Stored entries:

● ● ● ● ● ● ●

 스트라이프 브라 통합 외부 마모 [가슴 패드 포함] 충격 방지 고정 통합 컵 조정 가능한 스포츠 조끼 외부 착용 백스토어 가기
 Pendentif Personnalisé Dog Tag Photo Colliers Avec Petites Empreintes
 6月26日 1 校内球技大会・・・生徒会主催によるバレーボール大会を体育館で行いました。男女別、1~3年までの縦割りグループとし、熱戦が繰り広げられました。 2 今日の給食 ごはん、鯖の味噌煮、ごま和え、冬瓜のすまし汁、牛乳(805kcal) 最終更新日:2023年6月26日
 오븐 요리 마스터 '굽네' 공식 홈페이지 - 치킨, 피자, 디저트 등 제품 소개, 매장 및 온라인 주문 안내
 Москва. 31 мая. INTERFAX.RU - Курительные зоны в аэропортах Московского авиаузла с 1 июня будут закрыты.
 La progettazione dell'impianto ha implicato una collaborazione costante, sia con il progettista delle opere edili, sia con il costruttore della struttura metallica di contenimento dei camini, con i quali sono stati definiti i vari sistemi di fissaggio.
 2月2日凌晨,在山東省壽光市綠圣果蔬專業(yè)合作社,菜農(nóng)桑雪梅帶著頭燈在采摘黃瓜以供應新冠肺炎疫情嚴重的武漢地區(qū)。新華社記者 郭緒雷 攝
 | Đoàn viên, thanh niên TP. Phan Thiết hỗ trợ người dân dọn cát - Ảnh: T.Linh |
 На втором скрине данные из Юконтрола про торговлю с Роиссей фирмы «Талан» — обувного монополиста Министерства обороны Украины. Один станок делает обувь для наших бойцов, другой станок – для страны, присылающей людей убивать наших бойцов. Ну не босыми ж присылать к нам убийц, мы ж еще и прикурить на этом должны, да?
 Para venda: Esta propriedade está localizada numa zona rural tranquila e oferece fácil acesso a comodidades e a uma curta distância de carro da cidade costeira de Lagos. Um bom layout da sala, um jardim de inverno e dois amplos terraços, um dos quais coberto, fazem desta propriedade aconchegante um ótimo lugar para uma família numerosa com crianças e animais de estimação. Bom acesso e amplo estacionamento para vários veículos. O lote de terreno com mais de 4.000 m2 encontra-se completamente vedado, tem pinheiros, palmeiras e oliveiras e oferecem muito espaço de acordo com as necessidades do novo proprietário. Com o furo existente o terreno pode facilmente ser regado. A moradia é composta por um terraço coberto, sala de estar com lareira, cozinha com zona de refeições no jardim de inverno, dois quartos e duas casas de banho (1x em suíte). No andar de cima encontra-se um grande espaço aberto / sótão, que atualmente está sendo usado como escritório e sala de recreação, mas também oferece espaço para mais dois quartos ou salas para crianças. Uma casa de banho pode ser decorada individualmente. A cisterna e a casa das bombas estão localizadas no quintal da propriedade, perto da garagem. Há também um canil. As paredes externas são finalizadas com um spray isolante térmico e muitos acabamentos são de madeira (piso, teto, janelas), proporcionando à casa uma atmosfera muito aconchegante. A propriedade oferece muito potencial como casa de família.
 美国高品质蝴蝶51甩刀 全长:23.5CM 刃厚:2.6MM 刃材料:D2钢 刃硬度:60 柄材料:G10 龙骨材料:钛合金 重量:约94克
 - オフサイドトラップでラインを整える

● ● ● ● ● ● ●

**Exercise goal:** Reply with the lines from the first line of the entries through the line that contains "Pendentif Personnalisé Dog", repeated exactly with both ends kept, and with nothing else.

**Expected answer:**
 스트라이프 브라 통합 외부 마모 [가슴 패드 포함] 충격 방지 고정 통합 컵 조정 가능한 스포츠 조끼 외부 착용 백스토어 가기
 Pendentif Personnalisé Dog Tag Photo Colliers Avec Petites Empreintes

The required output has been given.